Das Zusammenleben von Fußgängern, Rad- und Autofahrern ist nicht immer einfach. Dabei gibt es Regeln. Und im Idealfall eine Tugend: Respekt! Meint zumindest Lokalchef Holger Gayer.

Chefredaktion : Holger Gayer (hog)

Stuttgart - Irgendwo zwischen Kilometer 110,0 und 113,5 werden die Radprofis aus aller Herren Länder am Sonntag die Grenze überqueren. Spätestens um 15 Uhr sollen die bunt gewandeten Wanderarbeiter laut dem Logbuch der Deutschland-Tour-Organisatoren das gelobte Land erreichen, das die Hiesigen ganz einfach Region Stuttgart nennen. Dann fahren sie durch das malerische Wengerterstädtchen Bönnigheim, am Fuße des Strombergs entlang hinüber nach Erligheim und Löchgau, runter nach Besigheim, wo sie auf den Neckar treffen und schließlich an dessen Ufer gen Hessigheim streben.

 

Das Dorf am nördlichen Zipfel des Kreises Ludwigsburg ist in vielerlei Hinsicht einzigartig. Dort bilden Fluss, Terrassenweinberge und Felsengärten eine Landschaft, die so wild und gleichzeitig friedlich ist wie der Menschenschlag, der in dem Flecken lebt. Die Einheimischen heißen oft Nägele oder Eisele und haben die besondere Angewohnheit, dass sie das älteste Familienmitglied gerne zum Arbeiten auf die Straße schicken. Gefühlt an keinem anderen Ort der Region Stuttgart verkaufen im Sommer so viele Senioren Kirschen, Erdbeeren, Zwetschgen, Himbeeren, Träuble und Brombeeren an zu Straßenständen umfunktionierten Gartentischen wie in Hessigheim. Warum auch nicht? Alleinstellungsmerkmale sind gesuchte Dinge in diesen universellen Zeiten.

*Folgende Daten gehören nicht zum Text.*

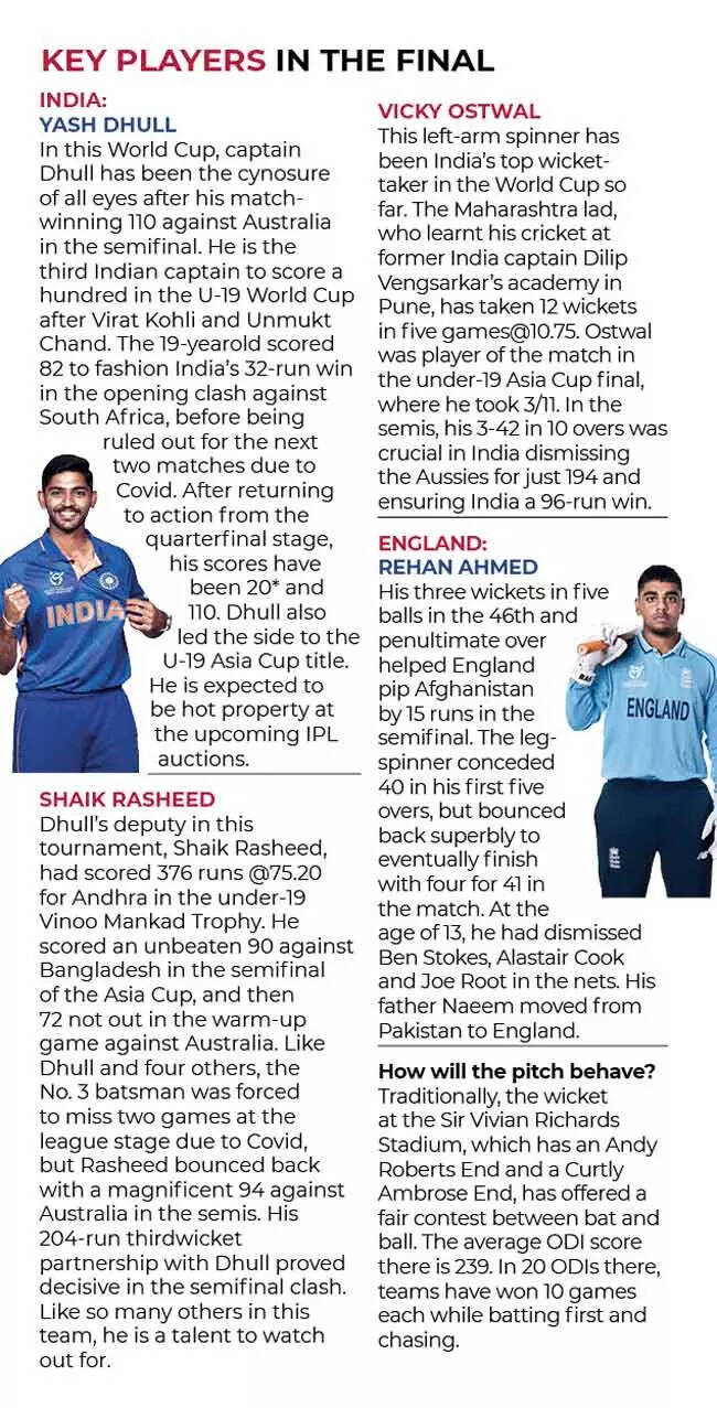 A win in the summit clash would help the India under-19s erase the memories of the last youth World Cup in South Africa in January 2020, when India lost an ill-tempered final to Bangladesh in South Africa. Unlike England, India have been a dominant force in in this tournament, having reached their eighth final — fourth in a row. No other team has reached as many finals or won more U-19 World Cups.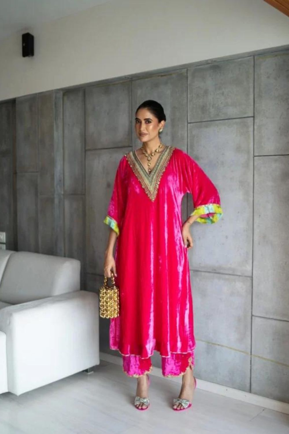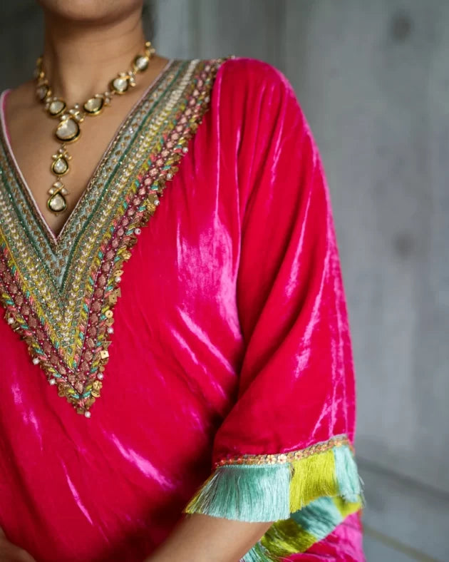 A Contemporary yet Classic Hot Pink Kaftaan Kurta set which has Jewelled Hand Embroidery on the Neck and emdroidered fringe detailing on Sleeve. It is paired with a Hot Pink Velvet Hand Embroidered Palazzo.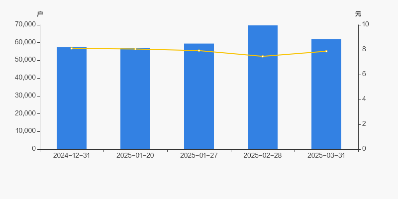 2024年12月31日至今,公司股东户数有所增长,区间涨幅为8.14%。2024年12月31日至2025年3月31日区间股价下降2.84%。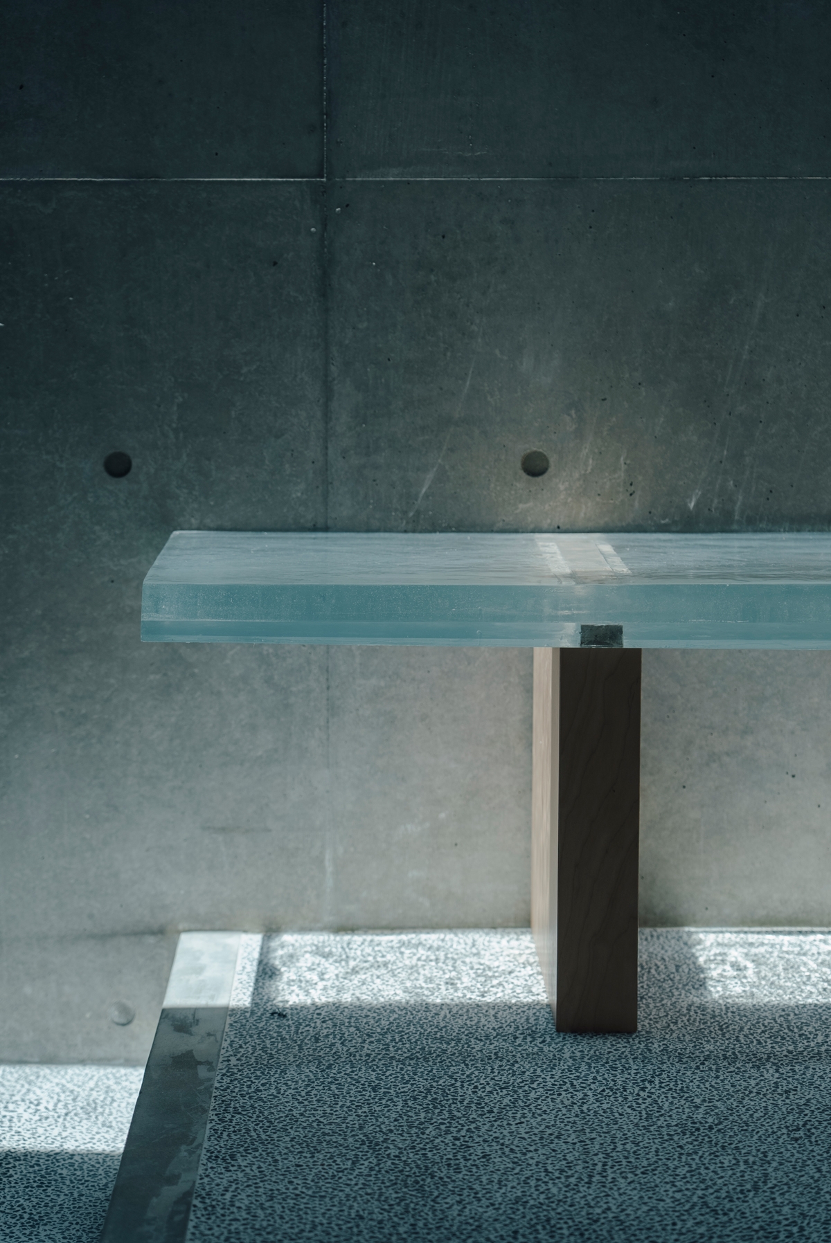 エントランスのアクリルベンチが一瞬の光を受け止めるとき、空間は時間を感じさせる聖域のような佇まいを見せる。

Die Autostadt hat als Stuttgarter Markenkern ausgedient

Doch wahrscheinlich werden die Radprofis auf der letzten Etappe ihrer Deutschland-Tour kaum Gelegenheit haben, über die netten Randnotizen der hiesigen Geschichte nachzudenken. Wie auch? Sie müssen auf ihren Weg achten, der sie (geplante Zielankunft zwischen 16.53 und 17.21 Uhr) mitten hinein führt in die eigens für sie abgesperrte Landeshauptstadt.

Eigentlich ist Stuttgart allein schon wegen seiner Lage im Kessel kein Dorado für Radfahrer – auch wenn der Oberbürgermeister den Verkehrsmix nachhaltig ändern will. Und ein bisschen etwas spürt man dank der E-Bikes auch schon vom Umschwung. Die Autostadt soll ja als Markenkern Stuttgarts ausgedient haben. Insgesamt ist der Pfad zur neuen Mobilität aber noch steinig. Und manchmal zweifelt man auch daran, ob der moderne Mensch überhaupt schon bereit ist für die neue Zeit.

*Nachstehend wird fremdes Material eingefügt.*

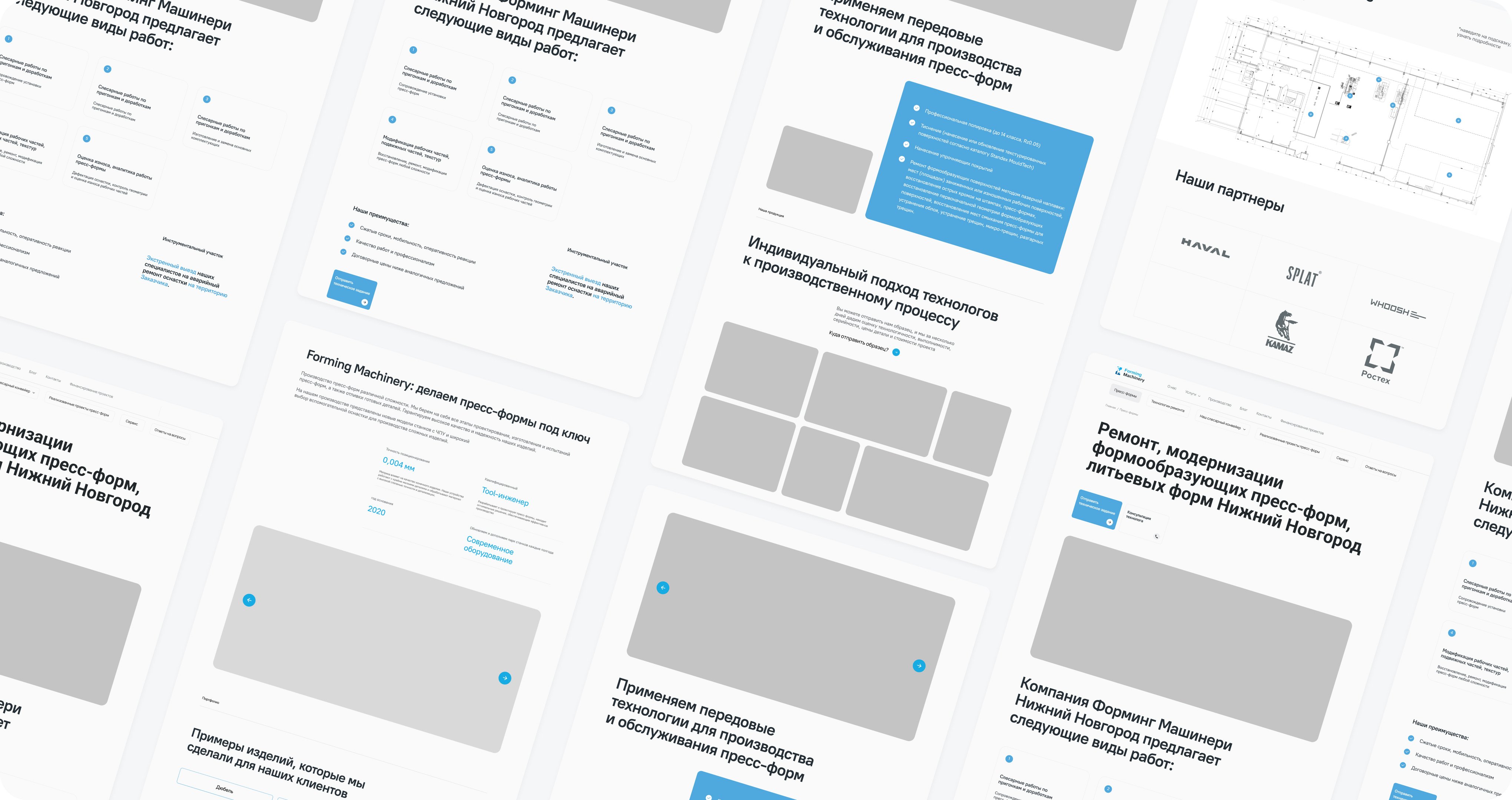 Производственной компании Forming Machinery был необходим редизайн сайта. Основная причина обращения - это низкая конверсия старого ресурса трафика. К тому же количество направлений деятельности росло, а текущая упаковка в Digital оставляет желать лучшего. Отсутствие чёткой структуризации услуг, информационный, а не продающий характер описаний, затрудняли понимание целевой аудиторией ценности компании и масштаба ее производственных мощностей. Планы на запуск новых ниш требовали гибкого решения для интеграции новых направлений.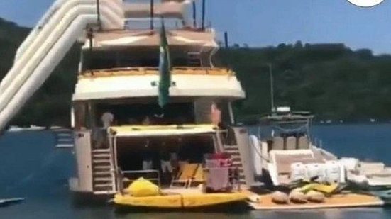 Luciano Huck foi filmado em um momento de diversão com a família em Angra dos Reis, na Costa Verde. O apresentador estava com os filhos e alguns amigos a bordo do iate que construiu em 2017 e que é avaliado em R$ 30 milhões, segundo o EXTRA apurou. O barco tem 4 suítes e 120 pés (quase 40 metros de comprimento), toboágua, uma lancha suporte, quatro pisos, duas cozinhas e até uma academia de ginástica.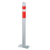 Example: Foldable barrier post, hot-dip galvanized, diameter 64 mm, with profile cylinder lock, red and white reflective upper part, with base plate for doweling.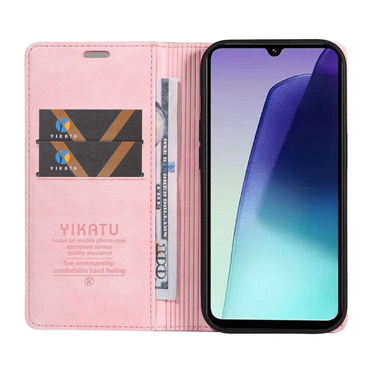 YIKATU YK-006 For Xiaomi Poco C75 4G / Redmi 14R 5G / 14C 4G Case Wallet Litchi Grain Leather Phone Cover Magnetic Auto-Absorbed - Pink

Die Bürger als Dr. Jekyll und Mr. Hyde

Wenn die Stuttgarter unterwegs sind, weiß man nie, ob sie einem als Dr. Jekyll oder als Mr. Hyde begegnen. Die Rollen wechseln mit der Art der Bewegung. Sitzt der Bürger im Auto, schimpft er auf Fußgänger, Radler, E-Biker, Roller- und Motorradfahrer, die er wechselweise für frech, ungezogen oder lebensmüde hält. Steigt er auf zwei Räder um, ärgern ihn die rücksichtslosen Autofahrer und unaufmerksame Spaziergänger, die sich nicht rechtzeitig entscheiden können, ob sie nach links oder rechts ausweichen sollen, wenn er von hinten kommt. Als Fußgänger wiederum nerven ihn alle anderen, weil sie in ihren Kisten Krach machen und stinken oder auf ihren Hightech-Velos so halsbrecherisch durch Wald und Schlossgarten heizen, dass man meinen könnte, Tour-de-France-Sieger Geraint Thomas sei unterwegs.

Ist er ja auch. An diesem Sonntag bei der Schlussetappe der Deutschland-Tour. Auf einer abgesperrten Strecke. Doch das ist und bleibt ein Ausnahmezustand. Normalerweise sind weite Teile des öffentlichen Raums mit seinen Straßen und Wegen selbstverständlich für alle da.

Um das Zusammenleben in diesem anarchischen Gewusel zu regeln, hat der Mensch übrigens Ampeln und Schilder erfunden. Diese enthalten Botschaften, die sogar eingehalten werden dürfen. Die meisten Kinder wissen das. Vielleicht kann sich diese Nachricht auch bald unter Erwachsenen herumsprechen.